Nous mourrons tous ! Comme Délira lâchant son cri de détresse dans " Gouverneur de la rosée » de Jacques Romain, nous sommes aujourd'hui sur la voie d'un suicide collectif soigneusement orchestré, planifié et mis à l'exécution par nos élites. Ce dernier épisode de la longue série de « pays lock » nous montre à quel point nous sommes dirigés, de la rue au Palais, par des incompétents, des égoïstes et des méchants.

Depuis pratiquement quatre semaines, le pays est plongé dans une crise sans fond. Toutes les activités étant paralysées, la crise qu'on croyait politique a pris de nouvelles dimensions. Elle s'est muée aujourd'hui en crise humanitaire. Les Haïtiens se battent ces derniers jours pour leur survie quotidienne. Et, la République est en manque de tout. Un élément aussi vital que l'eau est devenu un produit rare dans certaines zones. Des centres hospitaliers ont du surseoir aux prestations de soins dans un pays où le système sanitaire marchait déjà à reculons.

Le nombre de victimes de cette crise est incalculable.
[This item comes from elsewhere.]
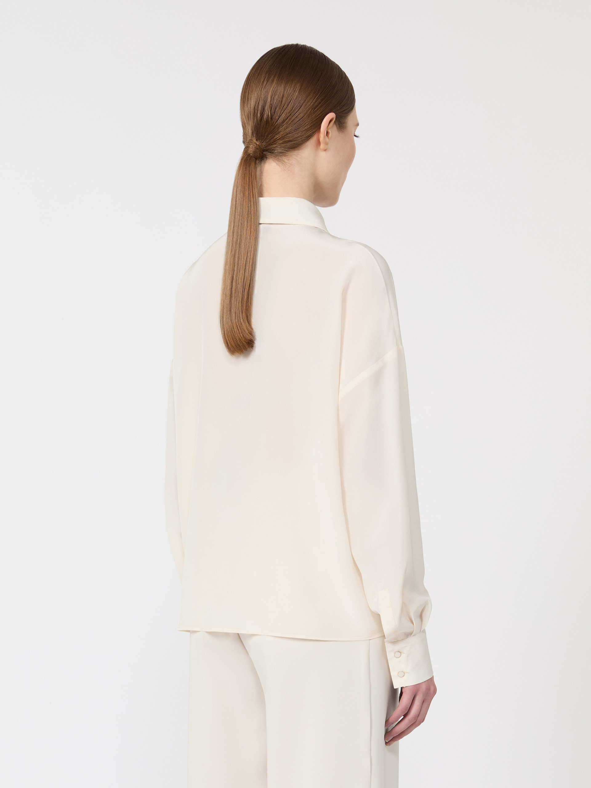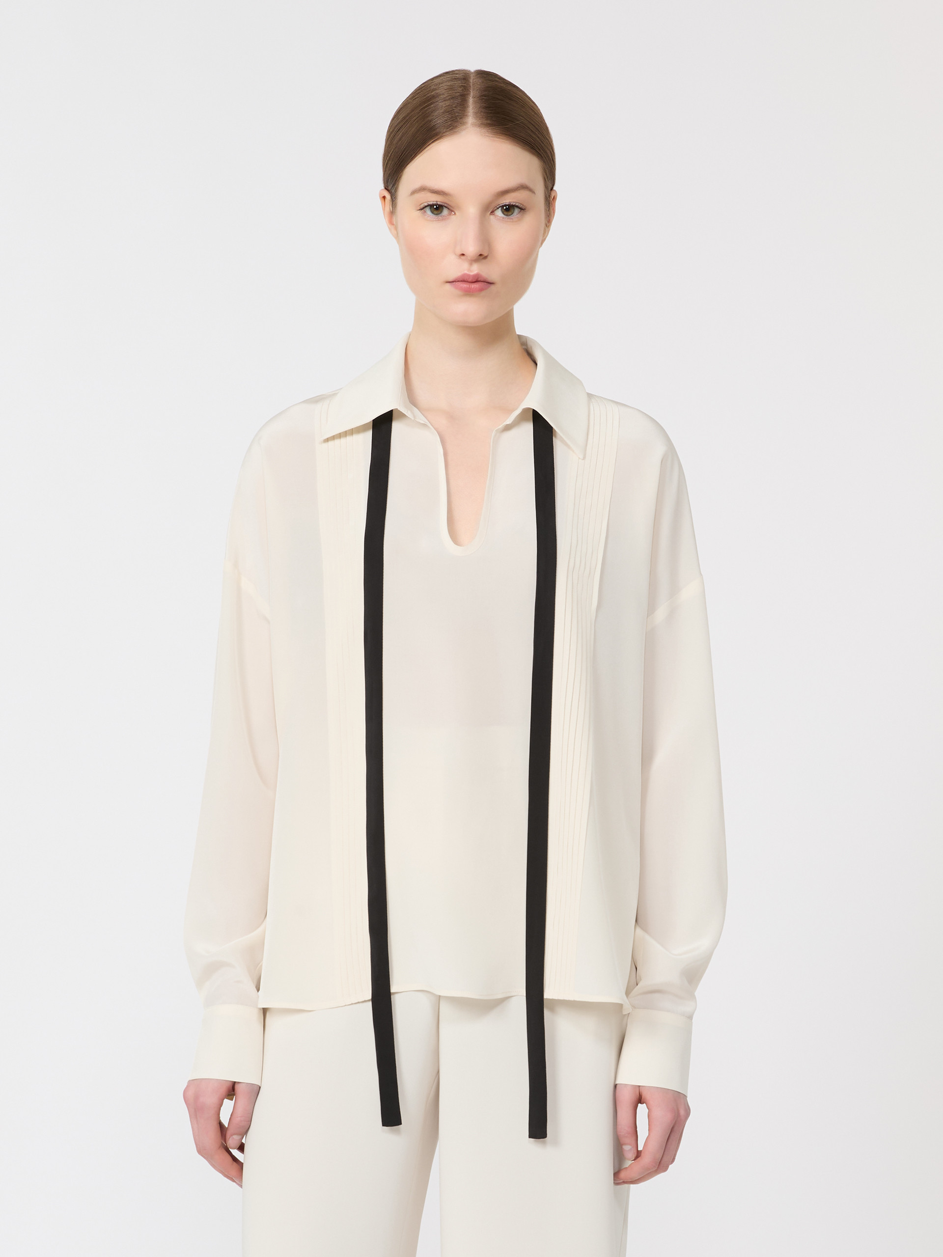 雅致蝴蝶结真丝衬衫,采用100%桑蚕丝面料,流畅垂感版型,平直下摆剪裁,开放式深V领口,低笼长袖设计,袖口配双珐琅金属扣。

Si les organisations de défense des droits humains et la police peuvent facilement faire l’inventaire des personnes victimes (mortes et blessées) dans les manifestations de rue, personne n’est en mesure, à présent, de préciser la quantité de femmes enceintes qui sont mortes faute de soins dans les hôpitaux en manque d'intrants. Combien de personnes, ne pouvant être transportées, sont mortes à cause des routes coupées ? Combien d'entreprises sont-elles contraintes de fermer leurs portes ? Combien d'emplois sont perdus ? Combien de rendez-vous et d'opportunités manqués à l'étranger ? Combien et combien encore...

Pourtant les tenants du système ne semblent pas trop s'inquiéter de cette situation de crise généralisée qui risque de nous emporter tous. Après quatre semaines de blocage, aucune proposition concrète de sortie de crise. Au contraire, les positions se durcissent et se polarisent davantage. Du jamais vu ! Les élites haïtiennes, dans toutes ses composantes, semblent également abandonner la barque au même titre que Jovenel Moïse qui feint de ne pas entendre le cri de la population.

Alors que le président de la République est le principal responsable de cette descente aux enfers du pays pour n'avoir pas pu assumer ses responsabilités constitutionnelles, il s'est confiné dans un mutisme insouciant. Depuis son adresse à la nation le 25 septembre 2019, Jovenel Moïse s'est effacé totalement de la scène. Les sorties grotesques de ses conseillers et proches ont montré que la présidence n'a pas saisi la dimension de la crise et le cri de détresse de la population n'a pas été entendu et compris.

Aux grands maux, les grands remèdes, dit-on. Les forces vives du pays doivent enfin prouver leur utilité en sortant des propositions salvatrices pouvant guider les destinées de la nation. Car, à cette phase, les solutions légales et constitutionnelles font gravement défaut.

À ce carrefour, aucun sacrifice ne devrait être trop grand pour épargner le pays de cette mort collective. Le président Jovenel Moise avait les coudées franches durant ses deux premières années pour mener à bon port la barque nationale, mais il n'a rien fait. Il s’est accroché à une illusion de dialogue qui lui sert d'échappatoire à chaque fois qu'il est pris dans le pétrin.

Aujourd’hui l'heure est indue. Et le pays ne peut pas disparaître juste pour sauver un mandat sans contenu. Comme l'avaient souligné les évêques catholiques dans leur note, les lignes doivent bouger, y compris le mandat du président, pour éloigner le pays du spectre d’une guerre aussi fratricide qu’inutile.